*** Opening of Study material ***

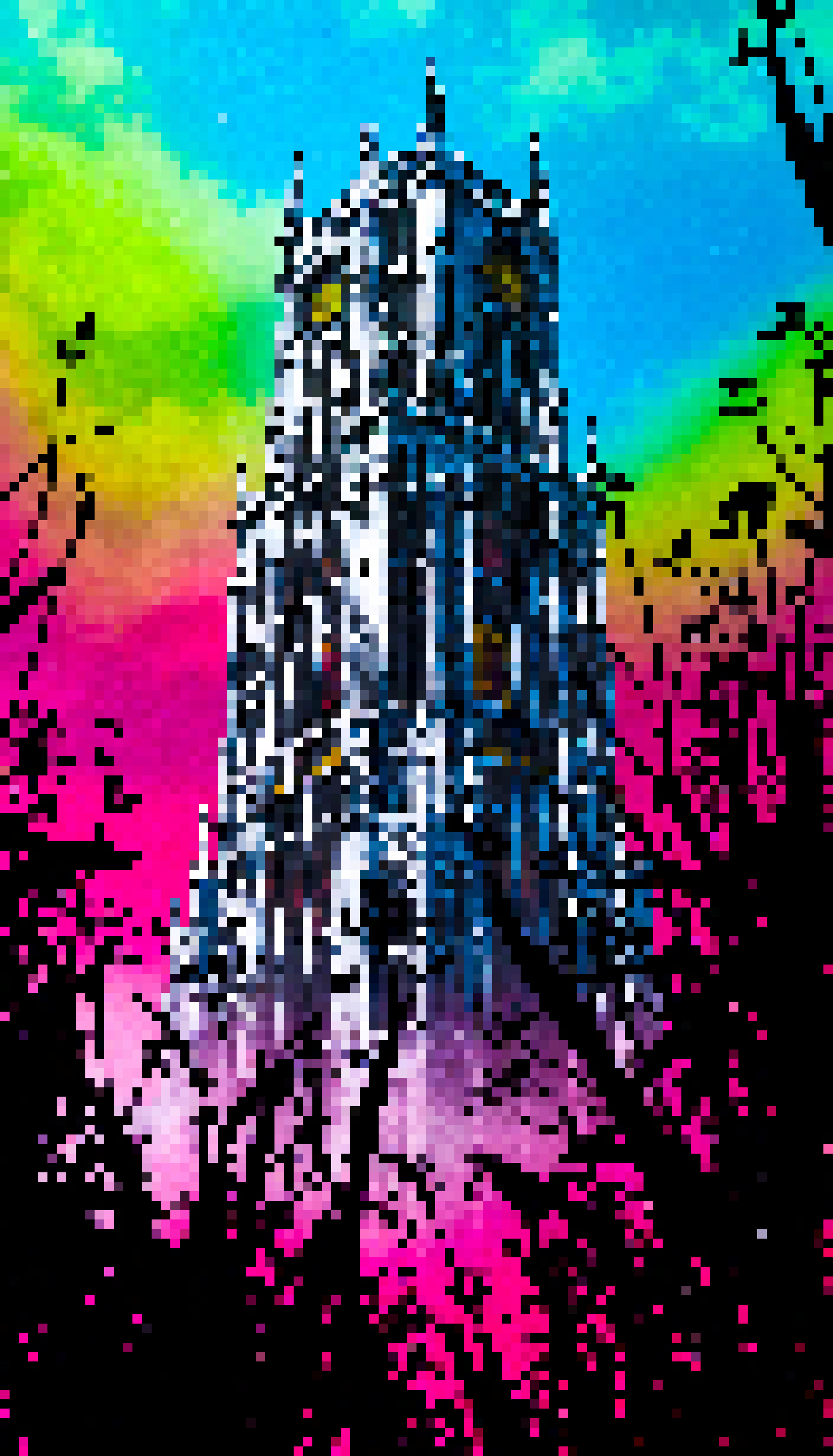 Adding to the Marisolic flair there are streaks of light in hues of purple and yellow that seem to radiate from the tower illuminating the surrounding area. The ground is carpeted with grass providing a natural carpet for the tower.
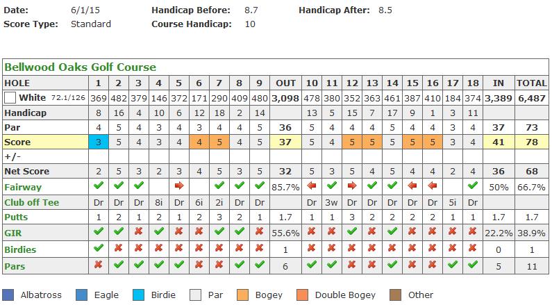 Carded a 78 (38-40, CR 68.4/124) today.  It's my personal best score :dance: .   The stats were 10/14 FIRs, 5 GIRs, 12 pars, 1 birdie, and 27 putts (ten 1-putts, one 3-putt).
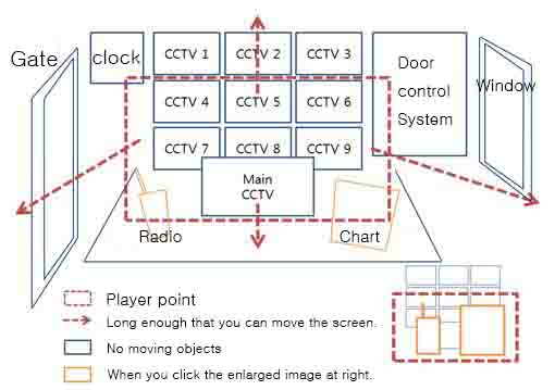 In this game, the character(player) doesn't move by himself but as a security gaurd, observes CCTV monitor and commands orders to nurse(NPC).
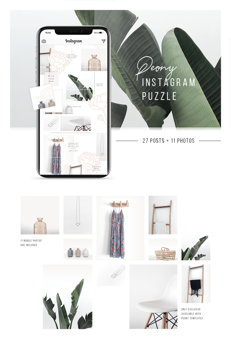 Download Шаблон для соцсетей "Peony Instagram Puzzle + 11 Photos Social Media Template" / Peony Instagram Puzzle + 11 Photos Social Media Template - Шаблон для соцсетей на тему графика puzzle instagram instapuzzle grid peony flower flowers floral female feminine template minimalist minimalism clean simple photos social media post lifestyle
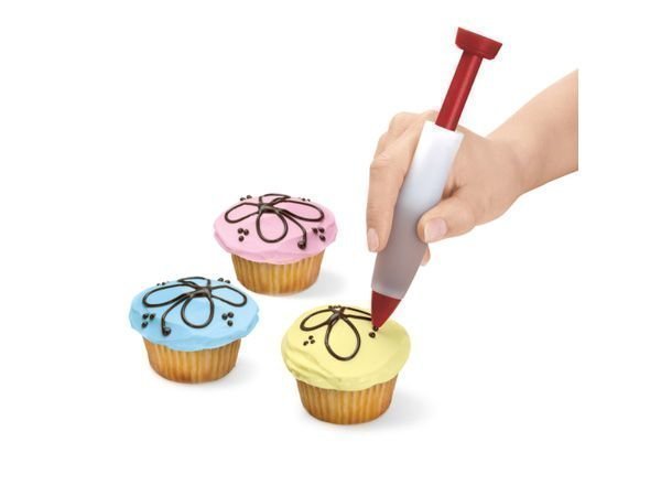 Cuisipro koristelukynällä koristelet syntymäpäiväkakkuun päivänsankarin nimen ja vielä iänkin siististi ja nopeasti.
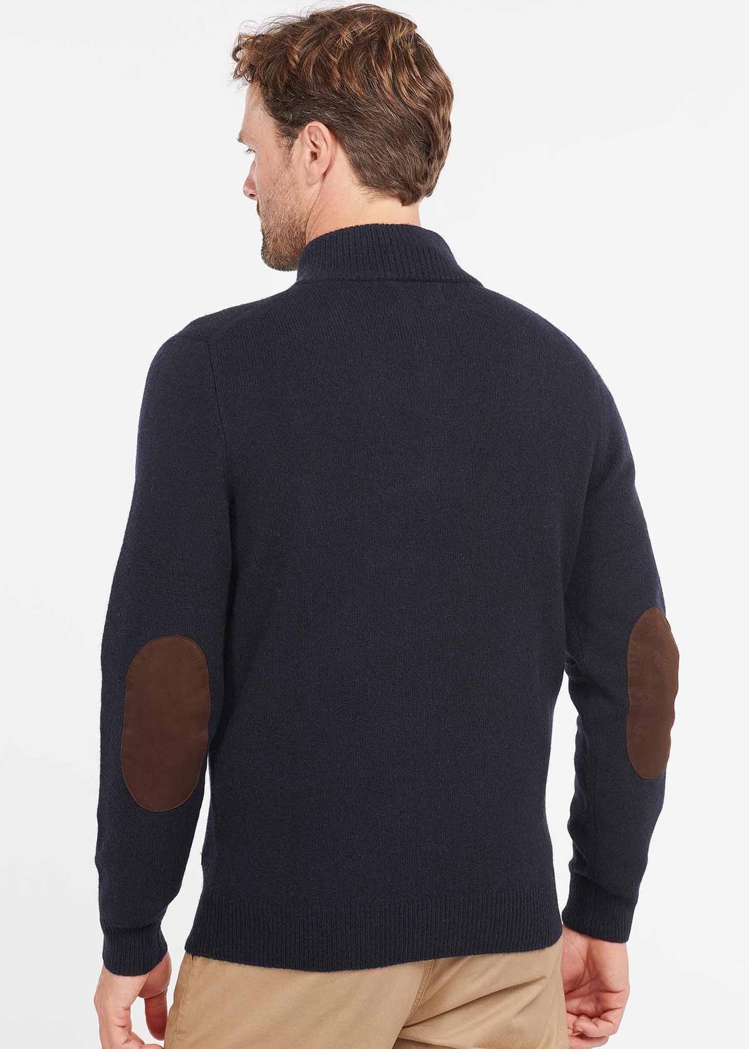 Deze lamswollen half zip van Barbour is een prachtige oldschool trui. De trui is een uitstekende aanvulling voor iedere kledingkast. De trui heeft een opstaande kraag en kan gesloten worden met vier knopen. De elleboogstukken hebben een bruine contrasterende kleur.
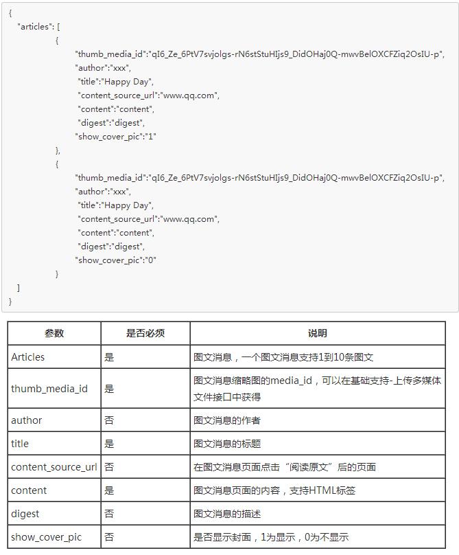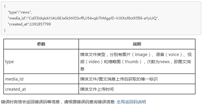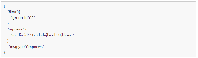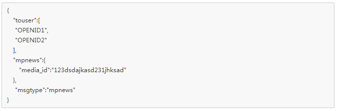 图文消息(注意图文消息的media_id需要通过上述方法来得到):
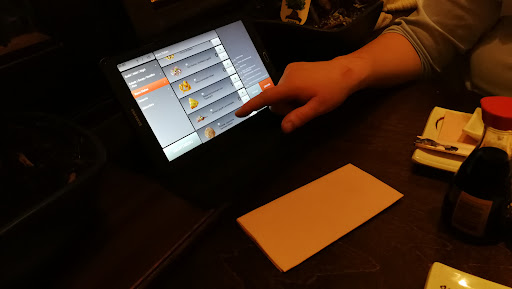 📳 Die Bestellung (sowohl der Getränke als auch fürs Essen) läuft über ein Tablet ab (und hier kommen wir auch zum einzigen "Kritikpunkt"). Was toll ist: Man wartet beim leeren Glas Cola oder Bier nicht darauf, bis der nächste Kellner kommt, sondern kann gemütlich nachbestellen, wenn man möchte. Allerdings nur bei den Getränken (!). Nach jeder Runde Sushi/All-you-can-eat Order muss man 10 Minuten warten. Bestellen kann man pro Person 5 Teile pro Bestellgang. Dies reicht auf jeden Fall generell völlig aus. Der Timer von 10 Minuten ist allerdings absolut unnötig und sorgt nur dafür, dass man auf die Uhr schaut, wann man das nächste mal bestellen "muss", da man ja auch nur 2 1/2 Stunden Zeit dafür hat.
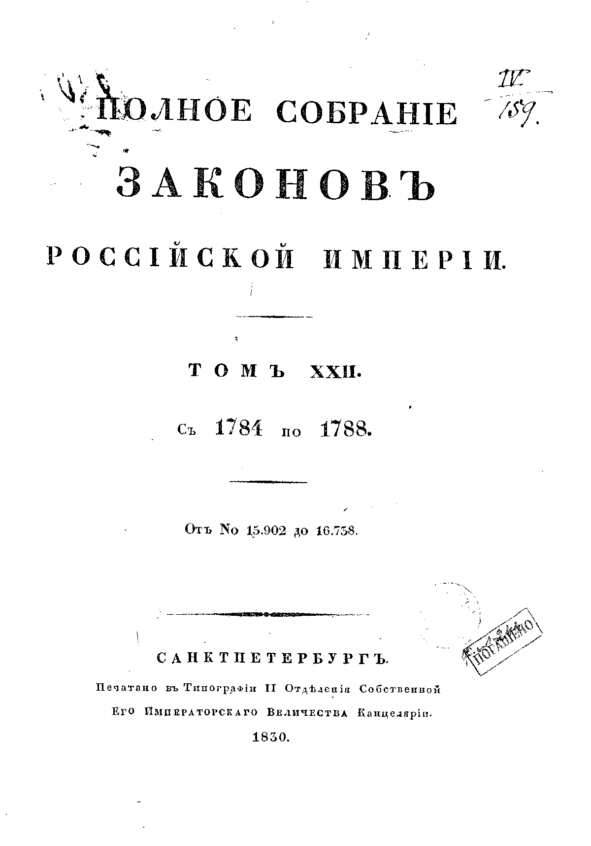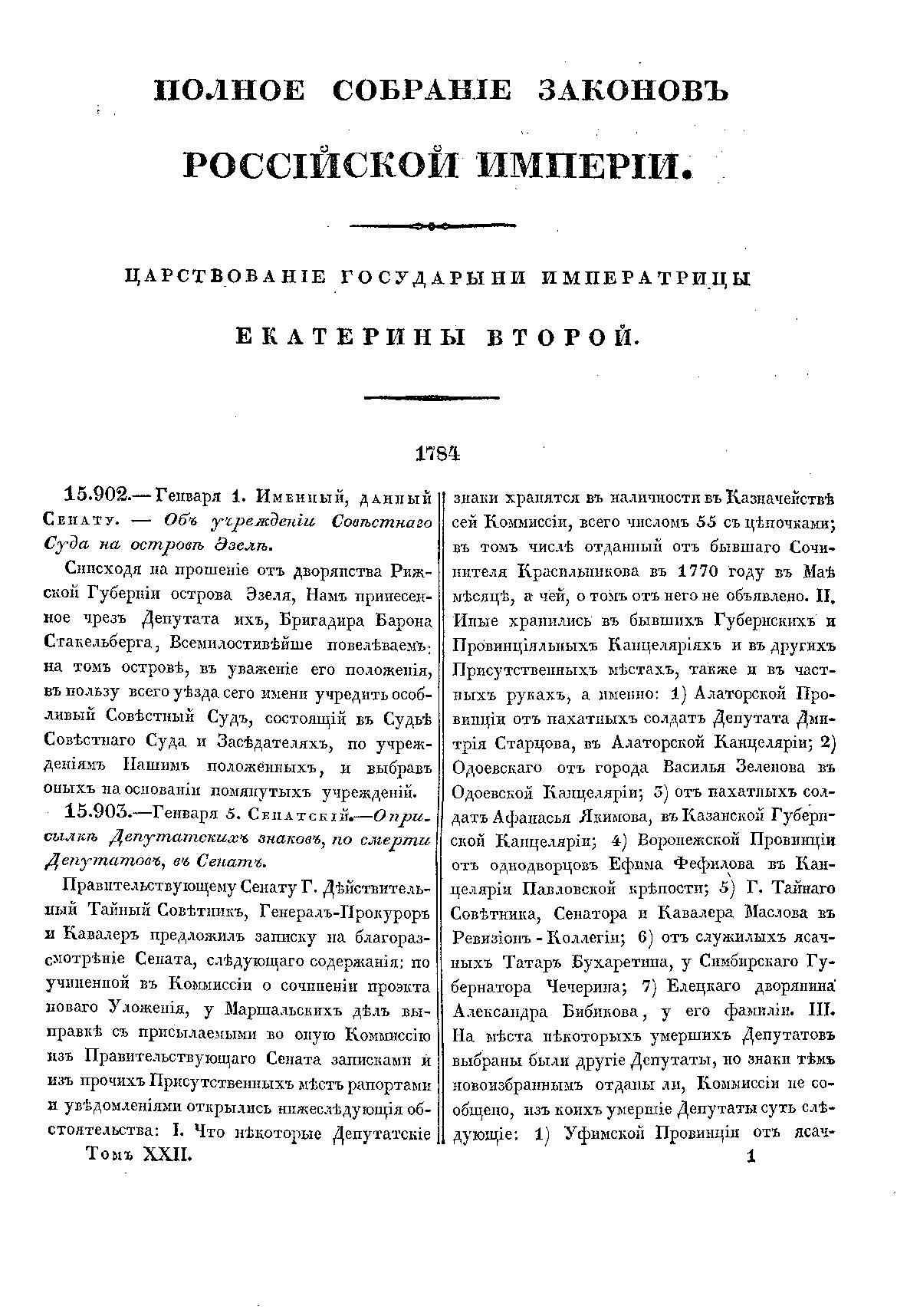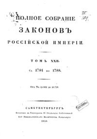 Полное собрание законов Российской Империи. Собрание Первое. Том XXII
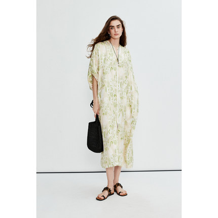 MRS Studios 原创度假印花“碧波幻漪”真丝斜纹绸宽松腰带连衣裙
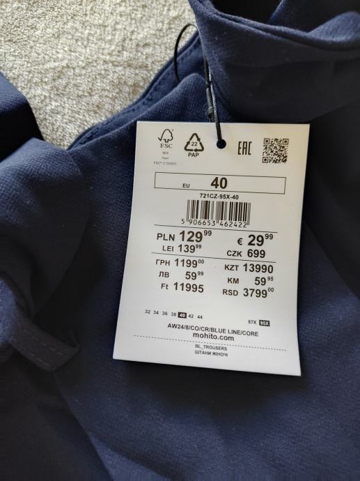 Mohito tamnoplave hlače nove s etiketom pa mogu biti i poklon. Veličina 40. U Zagrebu i Karlovcu moguća je primopredaja. Pogledajte i ostale moje oglase, na više kupljenih stvari popust.
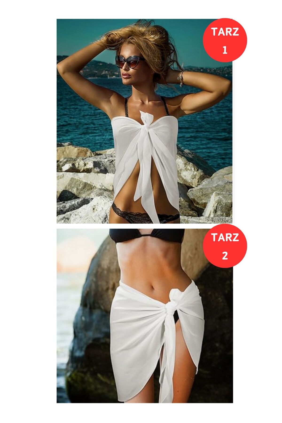 Kadın Tül Pareo Transparan Belden Bağlamalı Kadın Plaj Elbisesi Ekru. Bu plaj elbisesi, güneşin altında bronzlaşırken veya plaj barındaki bir partide şıklığınızı korumak istediğinizde mükemmel bir tercih olacaktır. Ekru rengi, enerjik ve çarpıcı bir görünüm sunarken, tül malzemesiyle hafif ve nefes alabilir bir giyim deneyimi sunar. Desen: Düz
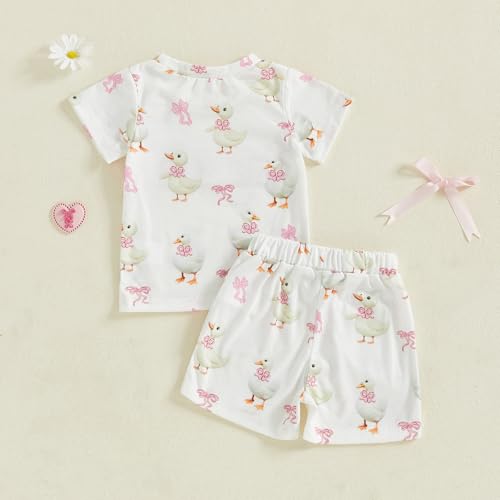 2PCS Toddler Baby Girl Summer Outfit Goose Short Sleeve T-Shirt Shorts Set Infant Girl Clothes 4
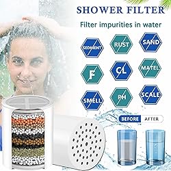 【Premium Filtration Syetem】This Shower Filter Made of Activated Carbon,KDF 55,Alkaline Ceramic Balls and Other Filtering Materials Ensures Best Effect of Water Quality Purification. 【Clean and Health Water】This High Output Shower Filter for Hard Water which Can Effectively Reduce Unpleasant Odors,Chlorine,Heavy Metals,Rust,Sand and Other Sediments,Protect the Health of Skin,Hair and Keep Nails Clean. 【Constant Water Pressure】This High Performance Shower Filter Won't Reduce Existing Water Pressure for an Improved Rinse,But if It Has a Lot of Sediments You May Need to Backwash Often to Avoid a Decrease in Water Flow. 【Easy Replacement】No Tools or Plumber Are Required,Just Need to Unscrew the Handheld Shower Head by Hand,Take Out the Old One and Replace the New One,Make Sure the Washer is in the Slot Which is Inside the Filter to Avoid Leaking. 【Kindly Suggestion】We Suggest You Replace The Filter Every 3-4 Months for Your Best Hair and Skin Ever, Also Depending on Water Quality and Frequency of Use.
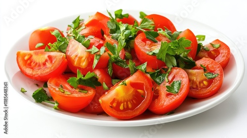 Fresh tomato salad garnished with herbs on a white plate showcasing healthy eating and vibrant vegetarian cuisine.
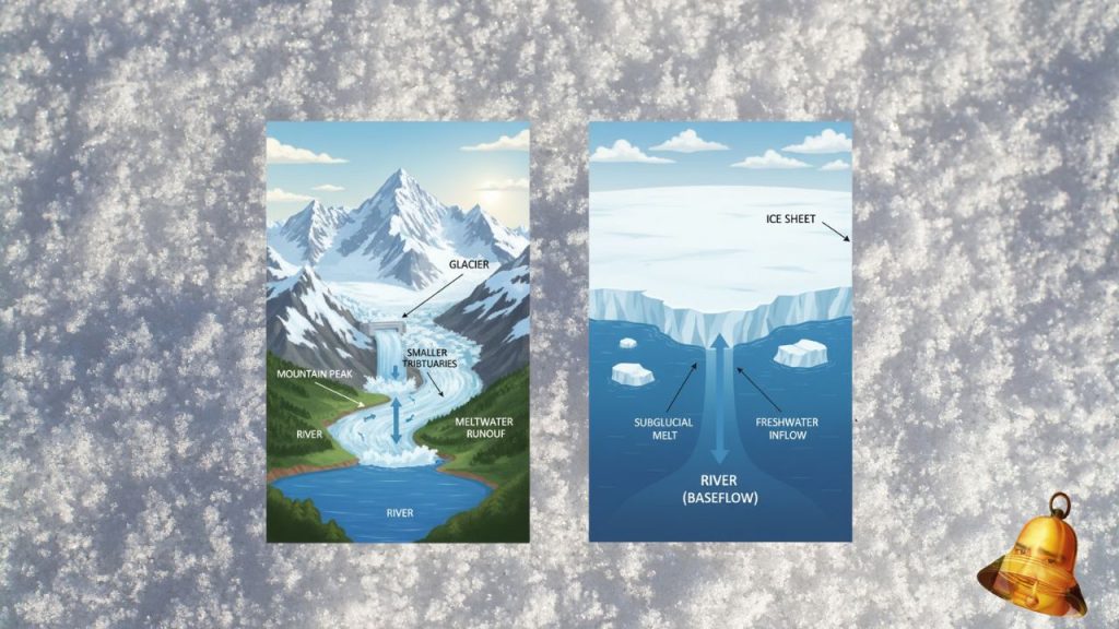 Di daerah kutub atau pegunungan tinggi, gletser dan lapisan es menjadi cadangan air raksasa. Saat mencair, airnya mengalir ke sungai dan danau. Proses ini sangat penting, terutama di negara-negara yang bergantung pada salju sebagai sumber air.
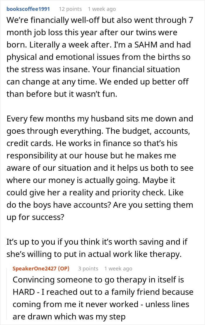 All this tension at home had definitely put pressure on the OP’s marriage, and studies show that couples who are too focused on money like this tend to experience dissatisfaction in their relationships. This is because when people ignore everything else to pursue their financial goals, they might neglect their family in the process.

*** Close of Study material ***

▶ _Work to complete_: Give back, exactly and without pictures, the stretch of the records above from the line containing "Полное собрание законов" through the line containing "2PCS Toddler Baby", with both end lines included.

▶ _Exercise solution_:
 Полное собрание законов Российской Империи. Собрание Первое. Том XXII
 MRS Studios 原创度假印花“碧波幻漪”真丝斜纹绸宽松腰带连衣裙
 Mohito tamnoplave hlače nove s etiketom pa mogu biti i poklon. Veličina 40. U Zagrebu i Karlovcu moguća je primopredaja. Pogledajte i ostale moje oglase, na više kupljenih stvari popust.
 Kadın Tül Pareo Transparan Belden Bağlamalı Kadın Plaj Elbisesi Ekru. Bu plaj elbisesi, güneşin altında bronzlaşırken veya plaj barındaki bir partide şıklığınızı korumak istediğinizde mükemmel bir tercih olacaktır. Ekru rengi, enerjik ve çarpıcı bir görünüm sunarken, tül malzemesiyle hafif ve nefes alabilir bir giyim deneyimi sunar. Desen: Düz
 2PCS Toddler Baby Girl Summer Outfit Goose Short Sleeve T-Shirt Shorts Set Infant Girl Clothes 4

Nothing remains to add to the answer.